Social media data processed in S14 may be analyzed, in S16, to determine trending posts, hashtags, tweets, retweets, quotes, content, attachment type, etc. Social media data may also be used to determine sports-adjacent attributes of the content (e.g., about a player but also about gaming, fashion, altruism, family, etc.), to further specify the type of content and allow for hyperpersonalization of moment delivery. Additionally, raw text from social media posts and comments may be leveraged in a detected moment through addition of sentiment and tone, to help further contextualize the moment. Different social platforms provide signals that differ due to engagement behavior(s) indicative of the demographics involved (young millennials vs. Gen X) and of general platform content/interactions. In this case, detection of meaningful moments may differ slightly across social platforms, so raw signals from these sources and how they are deconstructed and leveraged differs.
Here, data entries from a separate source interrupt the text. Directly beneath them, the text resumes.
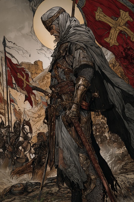 En SpainWars queremos detenernos especialmente en el tratamiento de Ricardo y Saladino, porque es ahí donde la novela demuestra una madurez notable. Tolmarher no cae en el esquema fácil de levantar a uno a costa de simplificar al otro. Lo que hace es mostrar dos modos de ejercer el poder bajo condiciones extremas. Ricardo representa la energía del rey-guerrero, la voluntad de avance, la necesidad de sostener el prestigio por la acción visible, la furia del mando cuando el tiempo aprieta. Saladino, en cambio, aparece como un señor del equilibrio, de la paciencia, del cálculo, del desgaste administrado con inteligencia. No son dobles perfectos ni reflejos moralizantes, sino dos centros de gravedad histórica que el texto coloca en tensión hasta conducirlos a esa zona final donde la espada y la palabra terminan tocándose.
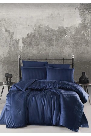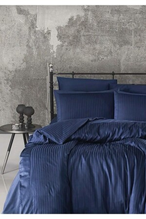 مجموعة ملابس الساتين المقطوعة بالأزرق المظلم (مجموعة واحدة) تتكون من 4 قطع: ملابس الساتين المقطوعة 200x220 سم (2 قطع) ، مل
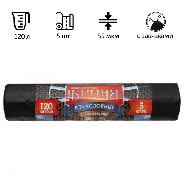 Мешки для мусора Ромашка Броня 120л, с завязками, ПВД, 70х110см, 55мкм, 5шт, черного цвета, в рулоне
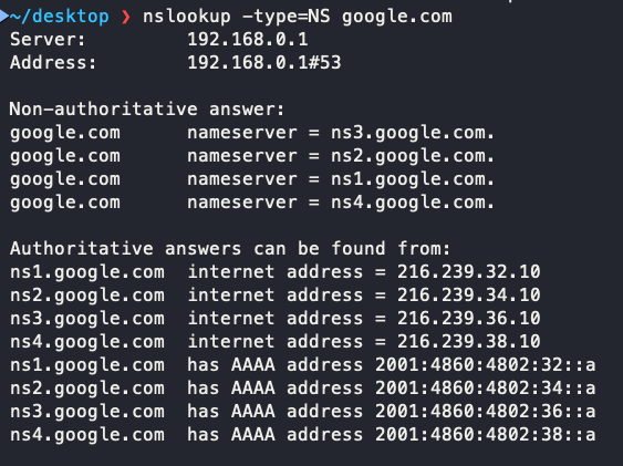 Authorative 네임 서버로부터 응답받기 위해서는 도메인을 직접 관리하는 Authorative 네임 서버를 조회해야 한다. 명령어 옵션으로 -type=NS를 추가하면 도메인을 직접 관리하는 Authorative 네임 서버가 조회된다. 아래 사진에서 ns1.google.com, ns2.google.com 등은 google.com 도메인의 실제 Authorative 네임 서버이다.

Betting data processed in S14 may be analyzed, in S16, to determine pre-game odds, intra-game odds, trending bets, etc. Data mining across different sports books provides an opportunity to surface moments based on choosing a platform with a bigger payout for the same bet. Analytically, betting data in concert with game data may be used to detect/predict alternating odds trends, to notify the user at the right moment to place or close out a bet. Combined with user interests, bets may be targeted to specific interests the user is likely to consume, which may then be positioned to graduate the user different bet types and potentially similar bet types across different sports. Surfacing moments or events through betting data may be performed through anomaly detection to detect when rare changes or swings in betting markets occur. Similarly, volatility analysis may be used to approximate uncertainty of future game outcomes, which may correlate with overall moment excitement and prospective consumption by sports fans. Generally, time series analyses may be employed to characterize and parse betting odds signals for the creation of meaningful betting moments and personalization to individual sports fans. Server 104 determines in S16, based on data processed by server 104 in S14, e.g., by analyzing the data itself, changes in the data, rates of change in the data, etc., whether heightened interest is occurring, whether significant change in the state of play is occurring, whether a significant moment, e.g., tying or breaking a previous record, an upset, a close game, an extended or overtime game, is occurring, etc. In other words, the server 104 determines, in S16, that an event is occurring based on the live data processed in S14.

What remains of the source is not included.